COVID-19, Loneliness, and Cabin Fever 

Healthwise Communications Team

Staying home and limiting contact with other people is important right now, but it can also be lonely and isolating. You might also be experiencing “cabin fever,” where you feel trapped, bored, and irritable. Try these tips to stay connected, positive, and healthy.


Stay Connected

If you’re cooped up with other people, such as family members or roommates, try to schedule fun time with them. Go for walks together, have a game night, or tackle that 1000-piece puzzle that’s been collecting dust in the hall closet. But be sure to get some alone time too, even if it’s just a bubble bath or jamming out with noise-canceling headphones.

If you’re self-isolating alone, there are lots of ways to connect with other people. Just getting outside for a walk or bike ride around your neighborhood will expose you to friendly faces (human and canine alike) and remind you that the world is, indeed, still spinning. Just take care to give others 6 feet of space.

Got a laptop, tablet, or even a cellphone? Pair one of those with an internet connection, and you have everything you need to talk “face to face” with anyone in the world. Virtual meeting apps like WhatsApp, Zoom, and FaceTime let you interact with other people from the safety of your home and feel less alone. Try suggesting a virtual family gathering, virtual book club, or virtual happy hour.

This is also the perfect time to respond to those game invitations people send you on social media and within apps. Strike up a game of Words With Friends or chess on your phone. You can find endless possibilities on the Apple App Store and Google Play.


Establish a “New Normal”

It can be hard to remember what time it is when you’re at home every day, let alone what day of the week. Maintaining a sense of normalcy—even if that normalcy means playing by new rules—can help you feel in control of your situation and stave off cabin fever.

Getting up and going to bed around the same time each day will help you fall asleep easier each night. Providing kids with a modified school schedule for online classes and homework can help ease their anxiety over being in a new situation as well (not to mention keep them out of your hair once in a while).

And while you’re probably skipping things like makeup or ties these days, at least maintain your normal bathing routine, get dressed each morning, and run a comb through your hair. Your reflection in the bathroom mirror will thank you, even if no one else notices.

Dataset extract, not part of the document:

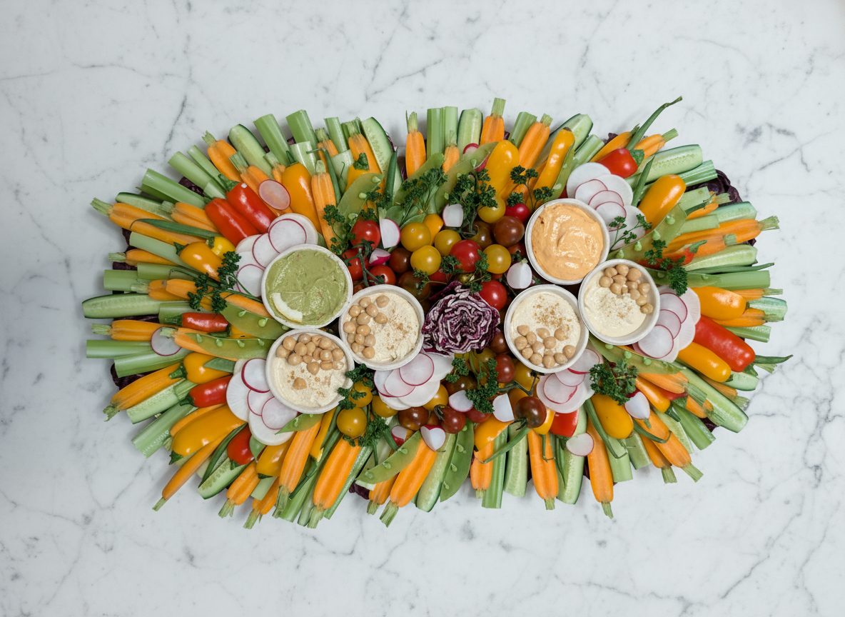 A Crudités Platter is an elegant, French-inspired appetizer featuring beautifully arranged, sliced raw vegetables served with delicious dipping sauces. It is an essential addition to any event because it offers a stunning visual centerpiece with its vibrant colors and provides a light, refreshing, and naturally inclusive option for guests.

Tackle Your “If I Ever Have Time” List

This can be a chance to do something you’ve never had time for in the past. Take an online class, build a model, finally binge-watch that show everyone else has been talking about, learn a new language with the Duolingo app (you know, for when you start traveling again), attend a virtual yoga class, or read your brains out. Nothing good in the house to read? You can instantly download Kindle books to any device, even if you don’t own a Kindle.

Now may also be the perfect time to tackle household chores you’ve been putting off (or never noticed until you found yourself stuck in the house for weeks). Re-organize the pantry, vacuum the couches, scan old photos onto the computer, clean out closets, or rearrange the furniture.

Outdoor tasks are a great way to get outside and enjoy the beautiful weather this time of year. Clean out gutters, mow the lawn, plant a garden, or paint the fence.

Just don’t feel pressured by any “coronavirus hyperproductivity” you might see on your social media feeds. This is a marathon, not a sprint, nor is it a competition. Do whatever makes you feel good and happy, and let others do the same. Not everyone is going to sew entire quilts or make four-course meals from scratch every night. You do you.


Do What Makes You Happy

Everyone deals with anxiety and depression differently. For some, taking a walk or even just sitting on the porch for a few minutes can boost spirits. For others, a phone call to a good friend can do the trick. Journal, meditate, exercise, pray, cry, complain…whatever your “thing” is, do it! If there was ever a time to pamper and take care of yourself, this is it, so don’t be a hero.

If anger or frustration with other people in the house start to overwhelm you, though, remind yourself to stop before you act. Go to another room or walk around the block. Take deep breaths until you cool down. Remember that everyone is feeling stressed right now.

And don’t be afraid to reach out for help if you’re struggling with sadness, depression, or anxiety, and you can’t shake it. Many therapists can do counseling by phone or online. You can also look for an online support group. Call the Disaster Distress Helpline at 1-800-985-5590, or text TalkWithUs to 66746.

Worrying about finances, your job, your kids’ schooling, older family members, and getting coronavirus all add to the pressure of self-isolation. But much of the world is dealing with the same isolation, cabin fever, and anxiety right now, so know that you’re not alone. In the meantime, do your best to take care of your physical and mental health, and remember that you’re doing the right thing. Staying home helps protect you, your neighbors, and those you care about.